Given material:

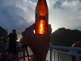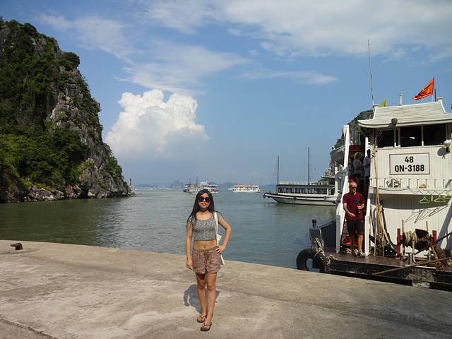 这一天就是早上一大早起来坐车,然后去下龙湾坐船,在船上暂时也没有什么活动,就晒晒太阳和大家聊聊天什么的,看看景色,去了天宫洞看了看,挺悠闲的,下午就一堆人一起跳海、游泳。然后午餐和晚餐还是不错的,晚上有一桶免费的啤酒,然后把船上的工作人员喝high了,船上的房间和酒店的房间差不多,就是没有热水,然后空调只有7点之后才能开。
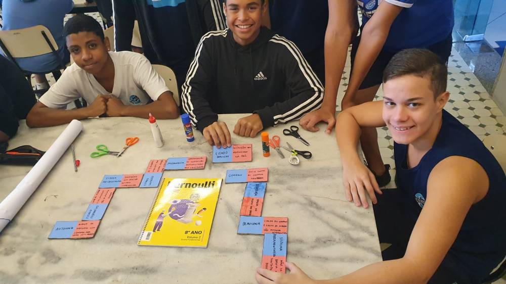O 8º ano fundamental do CENSA dedicou a última semana de agosto ao estudo das diferentes formas de organização da vida política numa comunidade. O conteúdo foi abordado pela disciplina de Filosofia Política que propôs a criação de jogos sobre o tema. Reunidos no espaço maker da escola, os alunos confeccionaram jogos de tabuleiro, da memória, verdadeiro ou falso, roleta e cartas, entre outros. "Além de imprimirem ludicidade, favoreceram o acompanhamento dos estudos com maior engajamento", disse a professora Fátima Coelho.
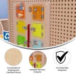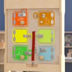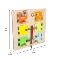Preschoolers can increase their manual dexterity, problem solving, and reasoning skills while having a great time with this wooden locks and buckles STEAM wall accessory board. Whether it’s sliding or flipping a lock or inserting a key, this interactive board can help little ones learn mechanical processes in a fun and exciting way. Put picture cards or photos behind the locked doors for an elevated game of matching or use the dry erase material behind each door to draw pictures or write special messages. This interactive busy board is brightly colored to capture and hold student’s attention and features kid-friendly, smoothly rounded corners for safe play. This Monetssori style busy board installs almost effortlessly on our train STEAM wall system, 3 panel wall system, or freestanding art easel but can be used on the floor or at an activity table as well. The tactile, visual, and sound output is great for sensory play and keeps kids entertained while teaching valuable life skills. Regularly wipe clean with a damp cloth and dry for long-lasting use.
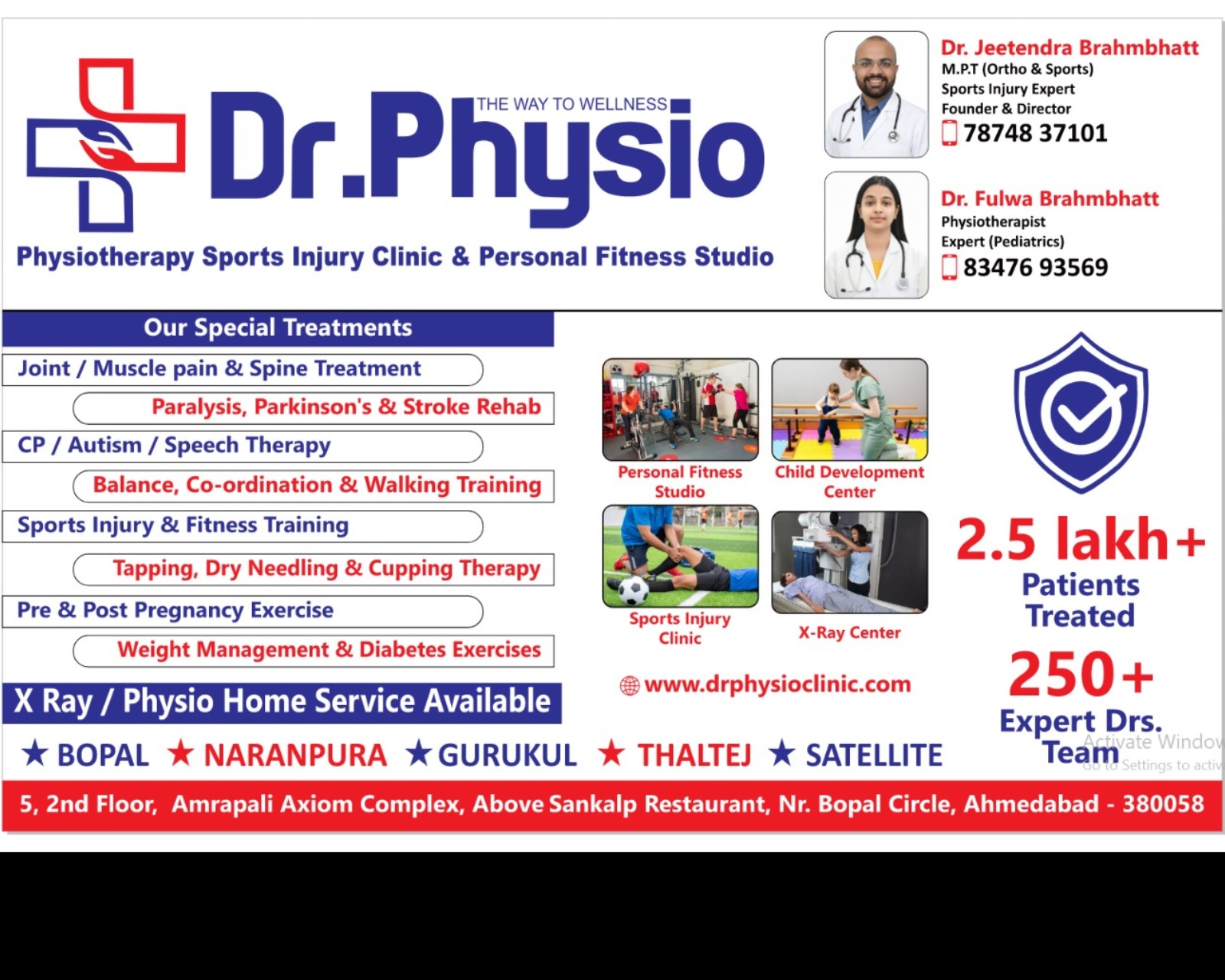 Many people live with pain for days, weeks, and even months… They adjust their lifestyle, change their habits, stop activities they love, and hope the pain will “go away.” But the truth is: Pain becomes worse when you ignore it. It becomes better when you treat it at the right place. And that is exactly what we do at Dr. Physio Clinic. 🔹 Why People Trust Us At our clinic, we don’t just give best treatment, but We understand your problem, your routine, your comfort level, and what your body really needs. People choose us because they want: ✔ Real results ✔ Personal attention ✔ Safe and effective physiotherapy ✔ A clinic where they feel cared for ✔ A proper plan to recover step by step When you come to us, you feel the difference from Day 1. 🔹 How Your Visit Helps You When you visit Dr. Physio Clinic, you will experience: ✨ Less pain ✨ Better movement ✨ More confidence in your body ✨ Clear guidance ✨ A treatment plan made only for YOU ✨ Support at every step You will realize that you should have taken this step earlier—because recovery feels GOOD. ⭐ WHAT WE TREAT at DR. PHYSIO CLINIC ⭐ ✔ Back Pain • Slip Disc • Sciatica • Muscle Spasm • Posture Pain ✔ Neck Pain • Cervical Spondylosis • Stiff Neck • Nerve Compression ✔ Knee Pain • Arthritis • Meniscus Issues • Ligament Strain ✔ Shoulder Pain • Frozen Shoulder • Rotator Cuff Injury • Shoulder Stiffness ✔ Sports Injuries • Ankle Sprain • Muscle Tear • Ligament Injury ✔ Post-Fracture & Post-Surgery Rehab • Stiffness • Weakness • Mobility Recovery ✔ Parkinson’s Physiotherapy • Balance Issues • Walking Difficulty • Body Stiffness ✔ Special Child Physiotherapy • Cerebral Palsy • Developmental Delay • Autism (Motor Training) ✔ General Problems • Muscle Weakness • Joint Stiffness • Heel Pain / Plantar Fasciitis • Tennis Elbow / Golfer’s Elbow ⭐ WHAT WE TREAT at DR. PHYSIO CLINIC ⭐ ✔ Back Pain • Slip Disc • Sciatica • Muscle Spasm • Posture Pain ✔ Neck Pain • Cervical Spondylosis • Stiff Neck • Nerve Compression ✔ Knee Pain • Arthritis • Meniscus Issues • Ligament Strain ✔ Shoulder Pain • Frozen Shoulder • Rotator Cuff Injury • Shoulder Stiffness ✔ Sports Injuries • Ankle Sprain • Muscle Tear • Ligament Injury ✔ Post-Fracture & Post-Surgery Rehab • Stiffness • Weakness • Mobility Recovery ✔ Parkinson’s Physiotherapy • Balance Issues • Walking Difficulty • Body Stiffness ✔ Special Child Physiotherapy • Cerebral Palsy • Developmental Delay • Autism (Motor Training) ✔ General Problems • Muscle Weakness • Joint Stiffness • Heel Pain / Plantar Fasciitis • Tennis Elbow / Golfer’s Elbow 📍 Clinic Address Dr. Physio Physiotherapy & Sports Injury Clinic 5, Axiom Amrapali Complex, 2nd Floor, Above SBI Bank, Near Sankalp Restaurant, Bopal, Ahmedabad 📞 For Appointments 8347693569 7874837101 🌐 Visit us at: www.drphysioclinic.com 'Your body wants to heal.'

Activity: The result should be a verbatim copy of the data, free of pictures.

Task solution:
 这一天就是早上一大早起来坐车,然后去下龙湾坐船,在船上暂时也没有什么活动,就晒晒太阳和大家聊聊天什么的,看看景色,去了天宫洞看了看,挺悠闲的,下午就一堆人一起跳海、游泳。然后午餐和晚餐还是不错的,晚上有一桶免费的啤酒,然后把船上的工作人员喝high了,船上的房间和酒店的房间差不多,就是没有热水,然后空调只有7点之后才能开。
O 8º ano fundamental do CENSA dedicou a última semana de agosto ao estudo das diferentes formas de organização da vida política numa comunidade. O conteúdo foi abordado pela disciplina de Filosofia Política que propôs a criação de jogos sobre o tema. Reunidos no espaço maker da escola, os alunos confeccionaram jogos de tabuleiro, da memória, verdadeiro ou falso, roleta e cartas, entre outros. "Além de imprimirem ludicidade, favoreceram o acompanhamento dos estudos com maior engajamento", disse a professora Fátima Coelho.
Preschoolers can increase their manual dexterity, problem solving, and reasoning skills while having a great time with this wooden locks and buckles STEAM wall accessory board. Whether it’s sliding or flipping a lock or inserting a key, this interactive board can help little ones learn mechanical processes in a fun and exciting way. Put picture cards or photos behind the locked doors for an elevated game of matching or use the dry erase material behind each door to draw pictures or write special messages. This interactive busy board is brightly colored to capture and hold student’s attention and features kid-friendly, smoothly rounded corners for safe play. This Monetssori style busy board installs almost effortlessly on our train STEAM wall system, 3 panel wall system, or freestanding art easel but can be used on the floor or at an activity table as well. The tactile, visual, and sound output is great for sensory play and keeps kids entertained while teaching valuable life skills. Regularly wipe clean with a damp cloth and dry for long-lasting use.
 Many people live with pain for days, weeks, and even months… They adjust their lifestyle, change their habits, stop activities they love, and hope the pain will “go away.” But the truth is: Pain becomes worse when you ignore it. It becomes better when you treat it at the right place. And that is exactly what we do at Dr. Physio Clinic. 🔹 Why People Trust Us At our clinic, we don’t just give best treatment, but We understand your problem, your routine, your comfort level, and what your body really needs. People choose us because they want: ✔ Real results ✔ Personal attention ✔ Safe and effective physiotherapy ✔ A clinic where they feel cared for ✔ A proper plan to recover step by step When you come to us, you feel the difference from Day 1. 🔹 How Your Visit Helps You When you visit Dr. Physio Clinic, you will experience: ✨ Less pain ✨ Better movement ✨ More confidence in your body ✨ Clear guidance ✨ A treatment plan made only for YOU ✨ Support at every step You will realize that you should have taken this step earlier—because recovery feels GOOD. ⭐ WHAT WE TREAT at DR. PHYSIO CLINIC ⭐ ✔ Back Pain • Slip Disc • Sciatica • Muscle Spasm • Posture Pain ✔ Neck Pain • Cervical Spondylosis • Stiff Neck • Nerve Compression ✔ Knee Pain • Arthritis • Meniscus Issues • Ligament Strain ✔ Shoulder Pain • Frozen Shoulder • Rotator Cuff Injury • Shoulder Stiffness ✔ Sports Injuries • Ankle Sprain • Muscle Tear • Ligament Injury ✔ Post-Fracture & Post-Surgery Rehab • Stiffness • Weakness • Mobility Recovery ✔ Parkinson’s Physiotherapy • Balance Issues • Walking Difficulty • Body Stiffness ✔ Special Child Physiotherapy • Cerebral Palsy • Developmental Delay • Autism (Motor Training) ✔ General Problems • Muscle Weakness • Joint Stiffness • Heel Pain / Plantar Fasciitis • Tennis Elbow / Golfer’s Elbow ⭐ WHAT WE TREAT at DR. PHYSIO CLINIC ⭐ ✔ Back Pain • Slip Disc • Sciatica • Muscle Spasm • Posture Pain ✔ Neck Pain • Cervical Spondylosis • Stiff Neck • Nerve Compression ✔ Knee Pain • Arthritis • Meniscus Issues • Ligament Strain ✔ Shoulder Pain • Frozen Shoulder • Rotator Cuff Injury • Shoulder Stiffness ✔ Sports Injuries • Ankle Sprain • Muscle Tear • Ligament Injury ✔ Post-Fracture & Post-Surgery Rehab • Stiffness • Weakness • Mobility Recovery ✔ Parkinson’s Physiotherapy • Balance Issues • Walking Difficulty • Body Stiffness ✔ Special Child Physiotherapy • Cerebral Palsy • Developmental Delay • Autism (Motor Training) ✔ General Problems • Muscle Weakness • Joint Stiffness • Heel Pain / Plantar Fasciitis • Tennis Elbow / Golfer’s Elbow 📍 Clinic Address Dr. Physio Physiotherapy & Sports Injury Clinic 5, Axiom Amrapali Complex, 2nd Floor, Above SBI Bank, Near Sankalp Restaurant, Bopal, Ahmedabad 📞 For Appointments 8347693569 7874837101 🌐 Visit us at: www.drphysioclinic.com 'Your body wants to heal.'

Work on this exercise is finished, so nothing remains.